Sekretarz stanu USA Marco Rubio oświadczył w Paryżu 18 kwietnia, że Stany Zjednoczone w ciągu kilku dni zrezygnują z prób doprowadzenia do pokoju między Rosją i Ukrainą, jeśli nie będzie sygnałów, że porozumienie w tej sprawie jest do osiągnięcia.
„Nie będziemy kontynuować tego przedsięwzięcia przez tygodnie i miesiące. Musimy więc bardzo szybko ustalić, i mówię tu o kilku dniach, czy jest to możliwe do zrobienia w ciągu najbliższych kilku tygodni. Jeśli tak, to wchodzimy w to. Jeśli nie, to mamy też inne priorytety, na których musimy się skupić” - powiedział Rubio w Paryżu, po spotkaniu z europejskimi i ukraińskimi przywódcami.

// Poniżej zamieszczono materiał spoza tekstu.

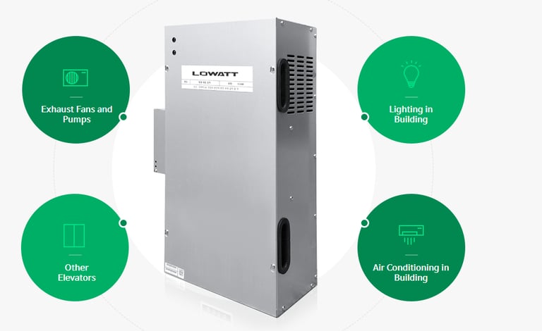 A regenerative inverter is an innovative green technology that captures and reuses energy generated during elevator operation. By recycling otherwise wasted power, it enhances efficiency and achieves energy savings of up to 64%.

Rubio, który spotkał się w Paryżu z przywódcami Francji, Niemiec, Wielkiej Brytanii i Ukrainy, zaznaczył, że prezydentowi USA Donaldowi Trumpowi nadal zależy na wypracowaniu porozumienia, ale ma też na świecie wiele "innych priorytetów" i jeśli nie będzie oznak postępu, przejdzie do innych spraw.
Według odczytu Departamentu Stanu, szkic planu pokojowego autorstwa USA spotkał się z „zachęcającym przyjęciem”. Przemawiając w piątek, Rubio powiedział, że on i Witkoff przybyli do Paryża, aby „zacząć rozmawiać o bardziej konkretnych zarysach tego, co może być potrzebne do zakończenia wojny” i czy jest to wojna, którą można zakończyć.

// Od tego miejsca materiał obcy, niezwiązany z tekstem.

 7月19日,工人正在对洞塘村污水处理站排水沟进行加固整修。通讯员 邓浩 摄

„Jeśli to nie będzie możliwe, jeśli będziemy tak daleko od siebie, że to się nie wydarzy, to myślę, że prezydent prawdopodobnie dojdzie do punktu, w którym powie, że skończyliśmy” – powiedział.
„To nie nasza wojna. Nie my ją rozpoczęliśmy. Stany Zjednoczone pomagały Ukrainie przez ostatnie trzy lata i chcemy, aby to się skończyło, ale to nie nasza wojna” - dodał.
„Prezydent (Trump) spędził 87 dni na najwyższym szczeblu, wielokrotnie podejmując wysiłki, aby zakończyć tę wojnę. Dochodzimy teraz do punktu, w którym musimy zdecydować i określić, czy jest to w ogóle możliwe, czy nie. Dlatego angażujemy obie strony”.
Co ciekawe po wczorajszym spotkaniu w Paryżu Rubio rozmawiał telefonicznie z ministrem spraw zagranicznych Rosji Siergiejem Ławrowem o przebiegu rozmów w Paryżu, w których udział wzięli przedstawiciele USA, Ukrainy, W.Brytanii, Niemiec i Francji.
"Sekretarz stanu przekazał swemu rosyjskiemu odpowiednikowi tę samą wiadomość, którą zespół amerykański przekazał delegacji ukraińskiej i naszym europejskim sojusznikom w Paryżu: prezydent Trump i Stany Zjednoczone chcą zakończenia tej wojny i przedstawili teraz wszystkim stronom zarys trwałego pokoju" – napisano w komunikacie Departamentu Stanu USA.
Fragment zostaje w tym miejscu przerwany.